> **DATA EXTRACT**
☆ ☆ ☆ ☆ ☆

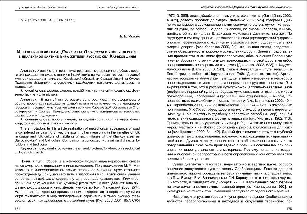 | Назва статті: | Метафорический образ Дороги как Путь души в иное измерение в диалектной картине мира жителей русских сёл Харьковщины |
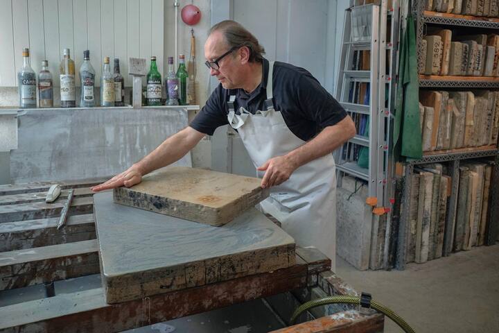 La lithographie commence par la préparation de la pierre, à la main, avec de l’eau et un peu de sable calibré qui donnera son grain au futur dessin.
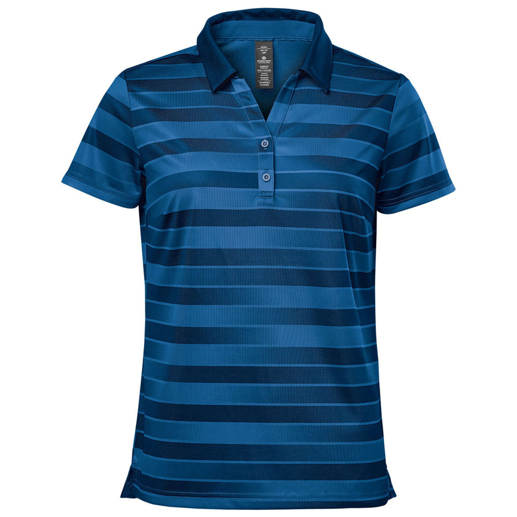Outfit your team to perfection by adding your company's custom logo or design to the Stormtech Women's Classic Blue Sienna Short Sleeve Polo. Covered in a horizontal gradient stripe pattern, this professional polo features H2X-DRY moisture management technology and UPF sun protection, making it perfect for athletes and anyone with an on-the-go lifestyle.
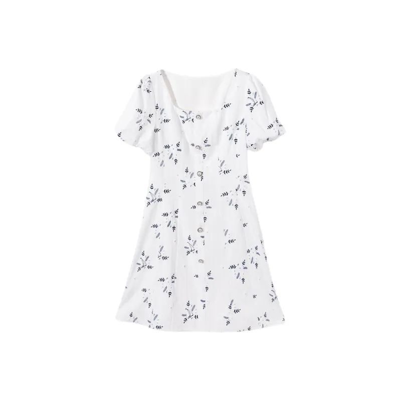 EICHITOO Короткий рукав платье женское натуральный белый цветочный

☆ ☆ ☆ ☆ ☆

> **WHAT YOU ARE ASKED TO DO**
Please return each line of the listing exactly as written, excluding the images.

> **SOLUTION BELOW**
 | Назва статті: | Метафорический образ Дороги как Путь души в иное измерение в диалектной картине мира жителей русских сёл Харьковщины |
 La lithographie commence par la préparation de la pierre, à la main, avec de l’eau et un peu de sable calibré qui donnera son grain au futur dessin.
Outfit your team to perfection by adding your company's custom logo or design to the Stormtech Women's Classic Blue Sienna Short Sleeve Polo. Covered in a horizontal gradient stripe pattern, this professional polo features H2X-DRY moisture management technology and UPF sun protection, making it perfect for athletes and anyone with an on-the-go lifestyle.
 EICHITOO Короткий рукав платье женское натуральный белый цветочный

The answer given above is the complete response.